Installing the Aarogya Setu app, tracing whether they come from containment zones or a complete ban altogether — residents’ welfare associations (RWAs) across the city have imposed various restrictions for domestic helps who started returning to work Monday.
A circular issued by the Delhi government said that services provided by self-employed persons, including domestic helps, are permitted Monday onwards.
For RWAs, the directive led to queries from society residents on whether they can call their domestic helps back to work.
“Domestic helps here do not come from one particular area, but from places that are around containment zones,” said Dr Naresh Chandra, the secretary of an RWA in East Delhi’s Vasundhara Enclave. “We don’t know who is the carrier and the infection can also spread through asymptomatic persons. So… we decided not to allow helps into the society for at least another week.”
Dr Chandra is also the joint secretary of a forum comprising around 47 residential societies in Vasundhara Enclave, out of which only one or two have allowed the entry of domestic helps, he said.
At South Delhi’s Geetanjali Enclave cooperative residential society, the Aarogya Setu mobile app is a must for domestic helps and drivers. Giriraj Khanna, vice-president of the society, said some of the workers don’t have smartphones. “We have allowed the entry of drivers and helps as required… There will be thermal scans and hand sanitisers at the gate. We have also asked them to install the Aarogya Setu app, so we will know if they are coming from near a containment zone,” Khanna said.
In Vasant Kunj, an affluent South Delhi neighbourhood, some RWAs have opened gates to house helps, while others have decided to hold back and “test the waters” for a few days.
Vernon D’Souza, president of an RWA in Vasant Kunj, said, “We are screening domestic helps and have told residents that it’s their responsibility to find out the areas they are coming from and that they are provided masks. We are providing them masks at the gates if residents do not have them… We have also asked residents who have three-four helps to keep just one.”
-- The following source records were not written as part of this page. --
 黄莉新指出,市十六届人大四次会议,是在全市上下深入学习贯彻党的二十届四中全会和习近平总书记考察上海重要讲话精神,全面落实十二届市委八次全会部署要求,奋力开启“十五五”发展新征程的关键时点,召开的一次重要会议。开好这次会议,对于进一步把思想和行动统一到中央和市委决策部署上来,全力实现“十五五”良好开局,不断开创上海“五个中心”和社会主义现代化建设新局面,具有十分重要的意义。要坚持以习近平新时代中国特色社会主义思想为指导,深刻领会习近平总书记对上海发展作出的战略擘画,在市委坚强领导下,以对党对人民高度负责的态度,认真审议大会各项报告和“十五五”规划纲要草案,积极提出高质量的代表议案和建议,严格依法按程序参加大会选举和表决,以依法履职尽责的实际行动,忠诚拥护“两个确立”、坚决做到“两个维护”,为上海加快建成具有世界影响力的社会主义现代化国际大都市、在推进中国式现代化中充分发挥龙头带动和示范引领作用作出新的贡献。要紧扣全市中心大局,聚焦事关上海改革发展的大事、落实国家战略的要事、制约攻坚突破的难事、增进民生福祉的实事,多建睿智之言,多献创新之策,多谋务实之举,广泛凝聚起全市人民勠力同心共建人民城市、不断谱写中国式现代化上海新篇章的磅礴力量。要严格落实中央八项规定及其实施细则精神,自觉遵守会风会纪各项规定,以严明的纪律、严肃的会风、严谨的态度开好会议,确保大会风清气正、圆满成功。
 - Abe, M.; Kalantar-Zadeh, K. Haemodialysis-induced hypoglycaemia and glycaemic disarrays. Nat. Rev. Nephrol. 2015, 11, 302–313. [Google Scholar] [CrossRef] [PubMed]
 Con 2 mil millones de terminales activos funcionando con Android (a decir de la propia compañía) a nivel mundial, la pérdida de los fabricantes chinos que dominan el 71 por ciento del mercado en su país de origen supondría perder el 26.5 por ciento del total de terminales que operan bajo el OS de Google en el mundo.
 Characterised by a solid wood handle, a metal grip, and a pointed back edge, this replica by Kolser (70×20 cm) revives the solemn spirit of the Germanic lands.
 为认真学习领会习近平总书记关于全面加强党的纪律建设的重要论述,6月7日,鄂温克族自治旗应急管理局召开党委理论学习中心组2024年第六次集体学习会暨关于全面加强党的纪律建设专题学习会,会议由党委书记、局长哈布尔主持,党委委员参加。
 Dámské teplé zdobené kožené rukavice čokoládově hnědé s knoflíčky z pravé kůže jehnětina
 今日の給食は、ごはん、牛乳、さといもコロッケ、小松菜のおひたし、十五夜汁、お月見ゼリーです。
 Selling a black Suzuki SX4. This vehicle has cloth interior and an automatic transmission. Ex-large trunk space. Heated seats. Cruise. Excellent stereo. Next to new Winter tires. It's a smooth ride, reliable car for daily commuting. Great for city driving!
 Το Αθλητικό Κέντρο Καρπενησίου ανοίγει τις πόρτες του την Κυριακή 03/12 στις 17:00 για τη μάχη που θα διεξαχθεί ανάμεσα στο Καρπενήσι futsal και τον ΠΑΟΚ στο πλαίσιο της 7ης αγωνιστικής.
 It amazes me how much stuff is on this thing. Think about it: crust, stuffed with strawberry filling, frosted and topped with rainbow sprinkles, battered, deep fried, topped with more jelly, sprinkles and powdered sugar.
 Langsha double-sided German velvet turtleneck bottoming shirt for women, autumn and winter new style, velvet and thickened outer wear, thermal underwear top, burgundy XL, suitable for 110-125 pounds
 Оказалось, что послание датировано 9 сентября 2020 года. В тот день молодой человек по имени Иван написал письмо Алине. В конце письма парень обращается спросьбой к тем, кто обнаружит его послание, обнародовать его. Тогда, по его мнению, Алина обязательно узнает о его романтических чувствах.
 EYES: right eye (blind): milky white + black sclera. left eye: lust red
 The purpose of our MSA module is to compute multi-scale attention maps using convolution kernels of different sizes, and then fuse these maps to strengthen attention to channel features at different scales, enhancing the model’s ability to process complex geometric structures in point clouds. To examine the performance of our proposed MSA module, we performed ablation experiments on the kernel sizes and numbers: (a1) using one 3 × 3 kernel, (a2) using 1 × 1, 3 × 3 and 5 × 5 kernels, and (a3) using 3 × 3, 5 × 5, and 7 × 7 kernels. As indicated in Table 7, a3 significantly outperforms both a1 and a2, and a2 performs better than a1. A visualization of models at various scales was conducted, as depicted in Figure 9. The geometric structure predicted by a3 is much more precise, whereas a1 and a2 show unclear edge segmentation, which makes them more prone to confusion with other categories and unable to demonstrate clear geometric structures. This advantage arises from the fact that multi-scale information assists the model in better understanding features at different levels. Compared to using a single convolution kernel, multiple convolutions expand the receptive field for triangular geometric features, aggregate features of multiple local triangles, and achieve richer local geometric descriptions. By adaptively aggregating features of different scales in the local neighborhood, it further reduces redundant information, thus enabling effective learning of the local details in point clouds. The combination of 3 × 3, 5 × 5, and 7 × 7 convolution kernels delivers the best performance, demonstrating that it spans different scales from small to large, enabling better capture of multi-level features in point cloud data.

In Defence Colony, Major (retd) Ranjit Singh, the RWA president, said, “The RWAs can’t dictate anything… I have sent a circular to residents asking for details of the house helps, how the employer plans to check their temperature daily and if they will give masks and gloves to helps.”
Singh said he will go through each address, and, if the help comes from an area close to a containment zone, or areas such as Nizamuddin and Sangam Vihar, where cases have been reported from, they won’t be allowed to enter for a while.
Rajiv Kakria, RWA member of Greater Kailash-I, said residents have been told “better to wait 10 days before staff (cooks, helps) are allowed inside home”. He said the RWA is not stopping people from asking their helps to return, but “we have asked them to avoid it”.
The Sarvodaya Enclave RWA has sent an advisory saying “entry/exit of nursing staff, private security guards, helps, drivers, plumbers, electricians, carpenters shall only be allowed from May 5 from gate number 3 only”.
In East Delhi’s Krishna Nagar, B S Vohra, president of East Delhi Joint RWA Front, said, “We are entirely against this and have advised residents to refrain from asking helps to return for a few more days.”